> **DATA SECTION**:
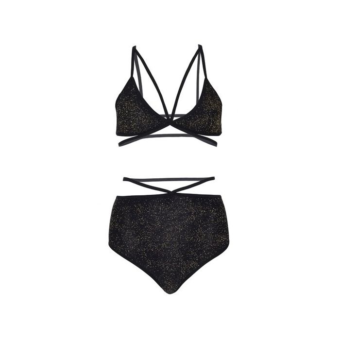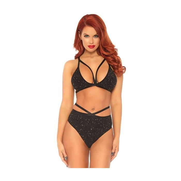 De Zwarte Lingerie Set met Glinster Effect is een sexy setje van Leg Avenue en is zeer geschikt voor de feestdagen. Deze tweedelige set bestaat uit een bh en een slip, beiden gemaakt van zacht en erekbaar materiaal, voorzien van metallic gouddraad voor een feestelijk effect.
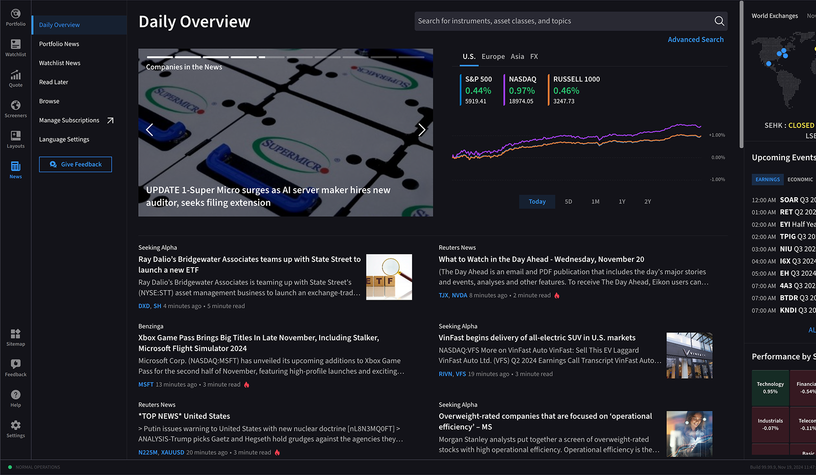 Screen markets, track watchlists and explore opportunities worldwide.
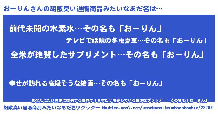 | 恥ずかしいあだ名 | 『オーリンリン』『おーちん』 |
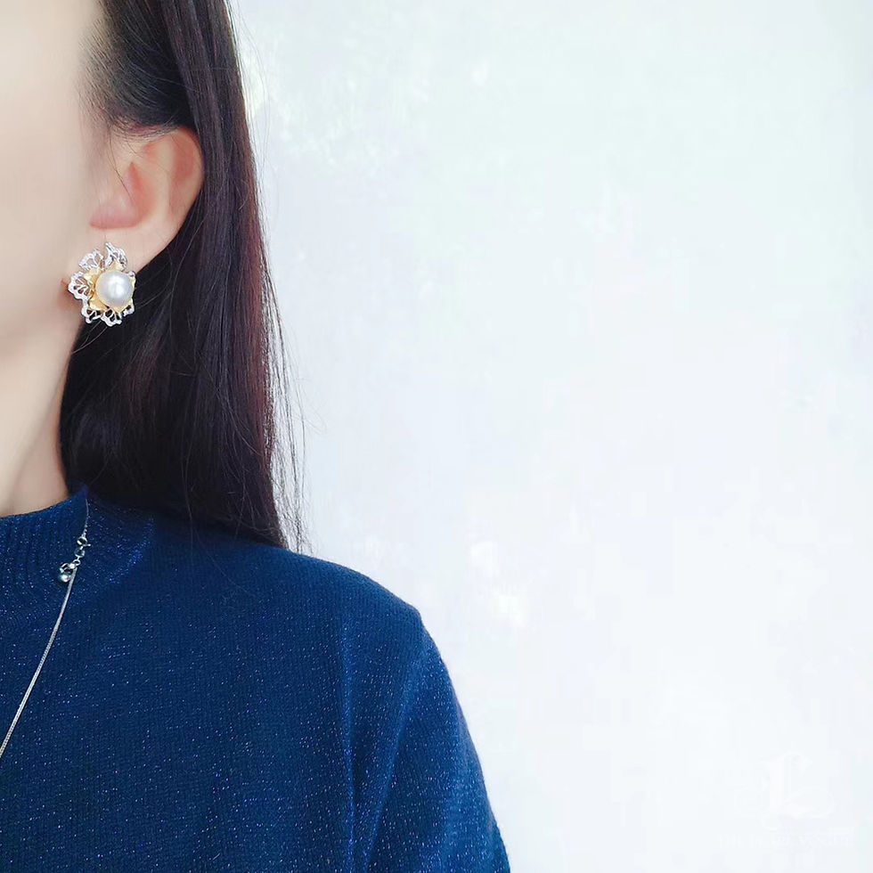 Vine Symphony — AAAA 11–12mm South Sea Pearl Diamond Floral Earrings

> **WORK ITEM**: Give the data again exactly, image-free.

> **OUTPUT OF THE EXERCISE**:
 De Zwarte Lingerie Set met Glinster Effect is een sexy setje van Leg Avenue en is zeer geschikt voor de feestdagen. Deze tweedelige set bestaat uit een bh en een slip, beiden gemaakt van zacht en erekbaar materiaal, voorzien van metallic gouddraad voor een feestelijk effect.
 Screen markets, track watchlists and explore opportunities worldwide.
 | 恥ずかしいあだ名 | 『オーリンリン』『おーちん』 |
 Vine Symphony — AAAA 11–12mm South Sea Pearl Diamond Floral Earrings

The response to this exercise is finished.